Шериф надел фуражку, поклонился, двинулся к выходу. Умберто проводил его до дверей, потом вернулся к столу, сразу направился к Цимкеру, зашел сзади, обнял за плечи.

— Я все понимаю, Аарон, все знаю… Но вы слышали, что сказал полицейский? Это запрещено категорически… Мы не можем себе позволить ссориться с законом. Все наши враги только того и ждут… Да и не смог бы я собрать три миллиона наличными за такой короткий срок.

— Сильвана… Она верой и правдой служила вам десять лет. Среди всех ваших миллионов не найдется доллара, в который она не вложила бы свой труд. И теперь вы готовы бросить ее?… Оставить в руках этой банды?…

— Кто сказал — «оставить»? Мы будем вести переговоры, тянуть время, обещать, заманивать… Вы же знаете: у нас много всяких ходов и трюков в запасе… Они еще пожалеют, что связались с нами, мы им не по зубам. Вспомните свою историю. Вы уже с жизнью прощались, когда Макс вас выцарапал. Верно я говорю, Макс, старина?

— Главное, чтобы полиция нам не помешала в последний момент. У американской полиции первая забота теперь — не оцарапать, не дай Бог, преступника. Но боюсь, без них нам не выйти на след. Очень большая страна.

Цимкер попытался подняться, но Умберто держал его цепко, сыпал словами, склонившись к уху: «Терпение… выдержка… мы переживаем не меньше вас… все возможное и невозможное… вы не знаете еще, сколько у нас козырей в запасе…»

— Лейда, Джина! — крикнул Цимкер. — Вы-то что молчите? Неужели и вы? Неужели дадите ему сыграть и в эту рулетку?

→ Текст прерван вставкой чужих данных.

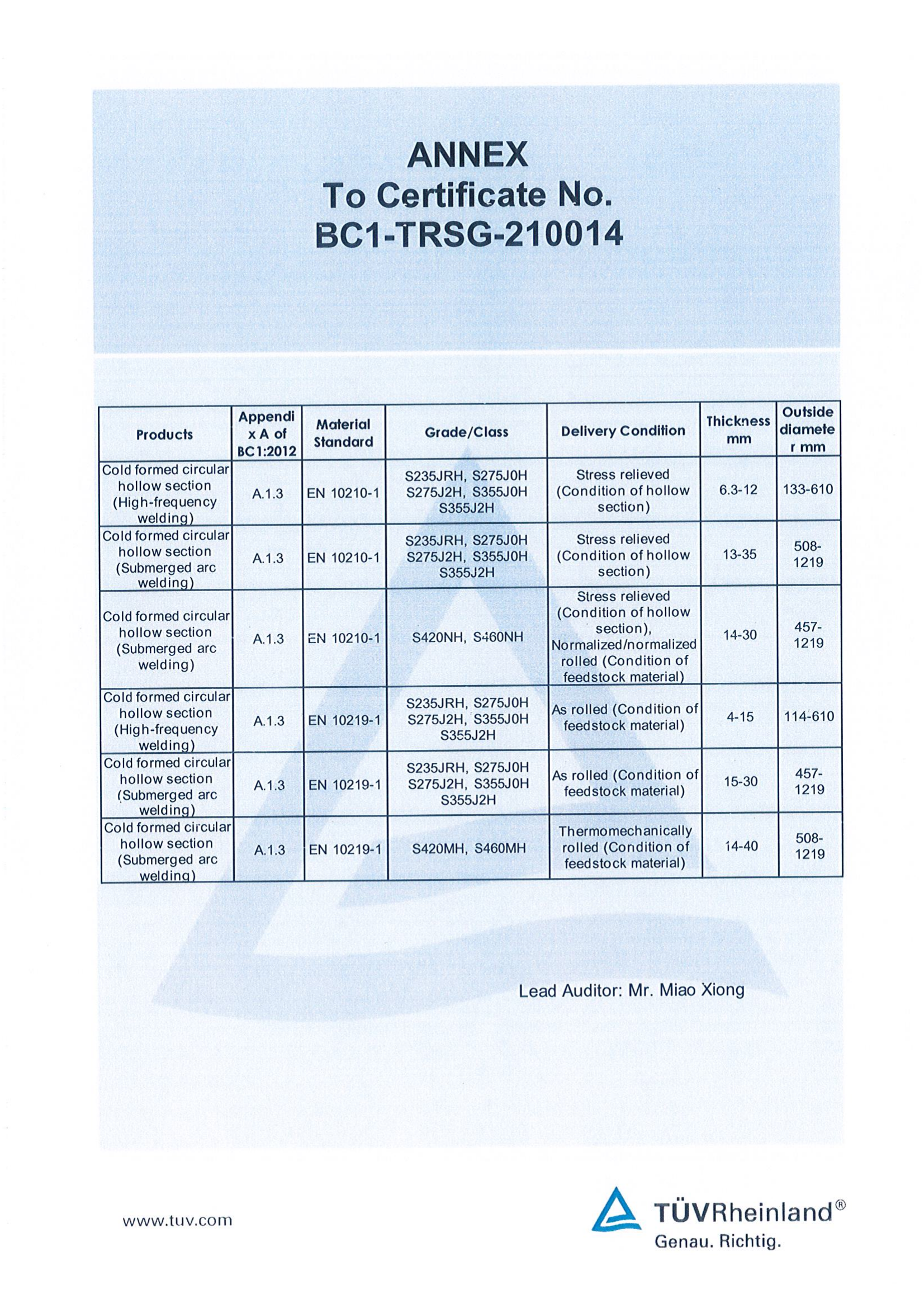公司現有17條新型的自動化鋼管生產線,包括Φ73-660.4高頻直縫焊鋼管生產線14條、Φ406.4-Φ1422.4直縫雙面埋弧焊鋼管生產線3條,并配備有一條防腐生產線,可進行3PE、2PE、FBE、2PP、3PP防腐處理,同時還可提供鋼管深加工服務。公司擁有先進的理化實驗室,可承擔鋼管的各項物理及化學檢測與試驗。公司先后取得了ISO9001質量管理體系認證、ISO14001環境管理體系認證、ISO45001職業健康安全管理體系認證、特種設備制造許可證、API5L和API2B認證證書、歐盟CE認證、俄羅斯GOST認證、中海油入網證、安全生產標準化二級企業等標準質量體系認證。
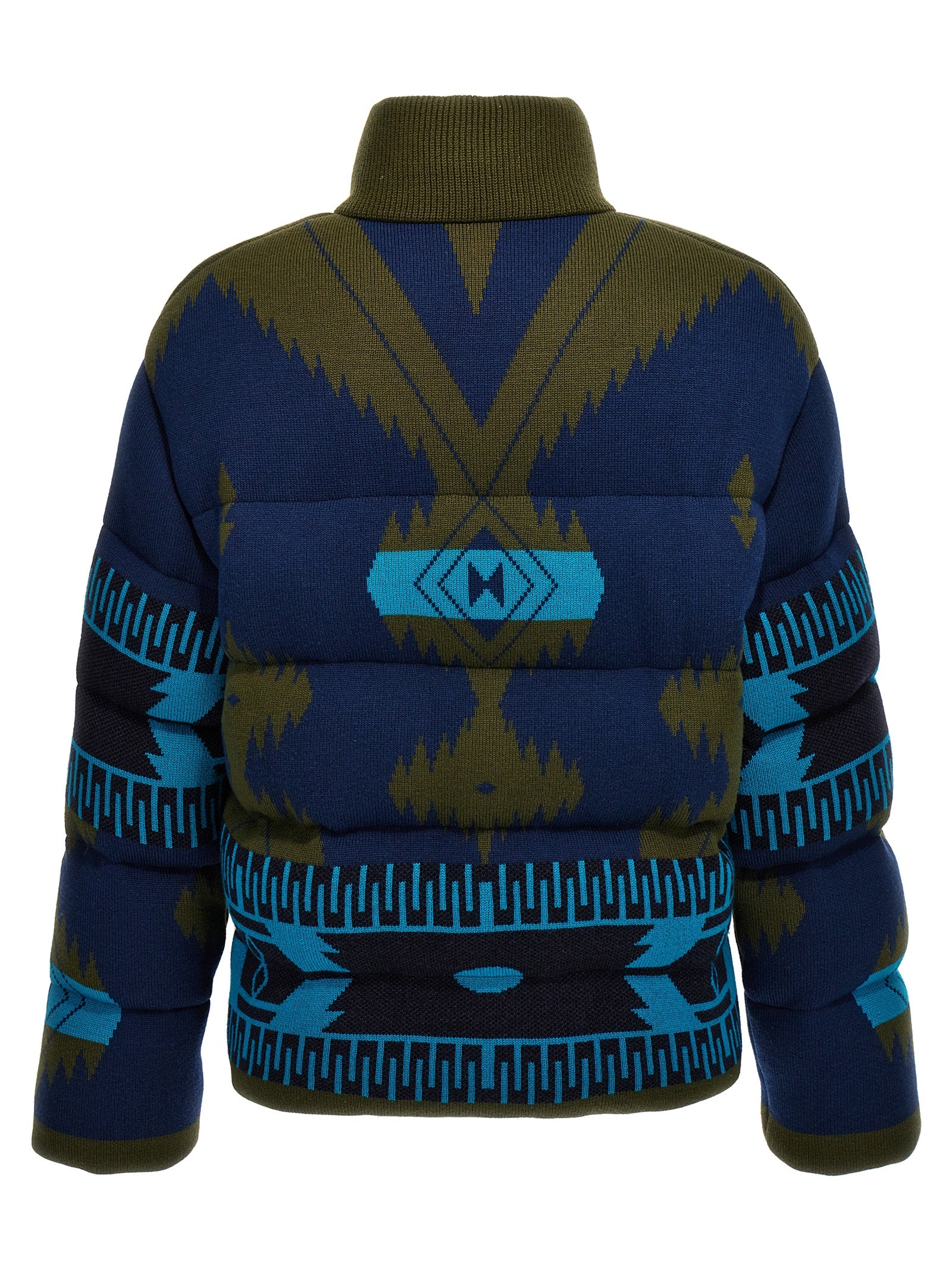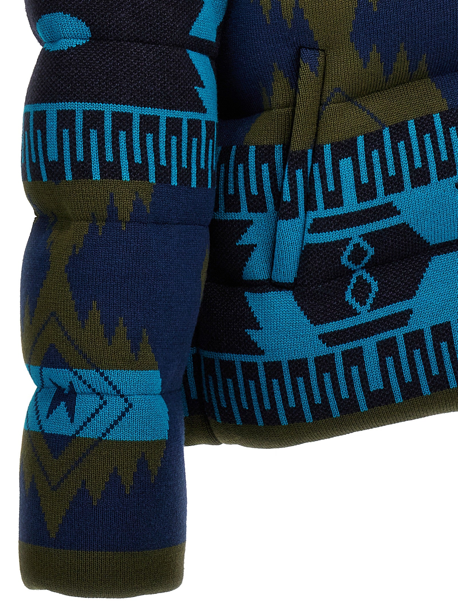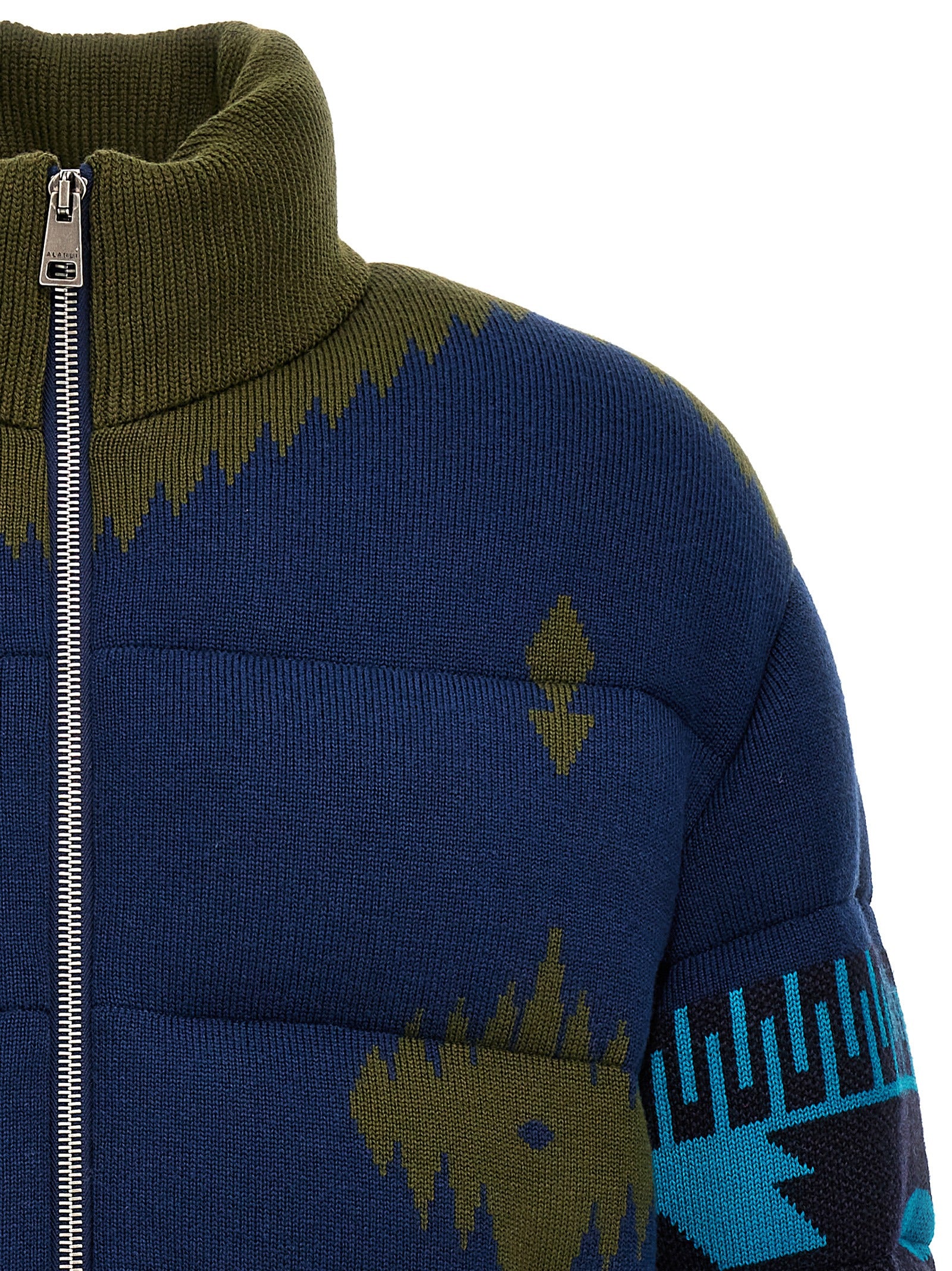 Padded wool down jacket, all-over 'Icon' print, zip closure, high collar, long cuffed sleeves, pockets.

Джина откатила свое кресло от стола, подъехала к Цимкеру, взяла его изуродованную руку, положила на свой протез.

— Аарон, поймите… Вы не можете сказать, что я не знаю, каково сейчас Сильване, не пережила, не имею представления, что это за люди. Но и я скажу: Умберто прав. Уплатить выкуп — это навлечь на себя всех гангстеров Америки. Объявить себя легкой добычей. Сидящей уткой. Вы же израильтянин — вам ли не понять? Никаких уступок шантажу, никаких переговоров с террористами — это единственный путь, единственное спасение. Они должны знать, что соваться к нам — это все равно что соваться через Иордан. На верную смерть.

— Если бы я был здесь, с нею…

— Но вас не было с нею! — с непонятным торжеством воскликнул Умберто, вдруг отпуская его, отходя к своему креслу, падая в него, задирая ноги на стол. — С ней был совсем другой мужчина. Молодой. Веселый. По-американски беспечный — на нем не было даже «роланда». Как показало вскрытие — сильно пьяный. Так что я вообще не понимаю, на каком основании вы так активно пытаетесь вмешаться в это дело.

— О, этот ваш прием я уже знаю. Ударить по больному месту, вывести противника из себя, выбить из игры, сорвать очередной куш, а там — пусть на Страшном суде решают, по правилам выиграно или нет. Но не воображайте себя неуязвимым. У меня тоже есть кое-что в запасе… Я тоже кое-чему от вас научился.

— Интересно будет послушать.

— Если вы к завтрашнему утру не соберете выкуп…

— Заранее говорю: не соберу.

— …если не вручите его мне и не пошлете меня уплатить бандитам…

— Вам мало было одной встречи с ними?

— …причем без всяких трюков, без засад, без Макса и его ребят со снайперскими винтовками где-нибудь невдалеке…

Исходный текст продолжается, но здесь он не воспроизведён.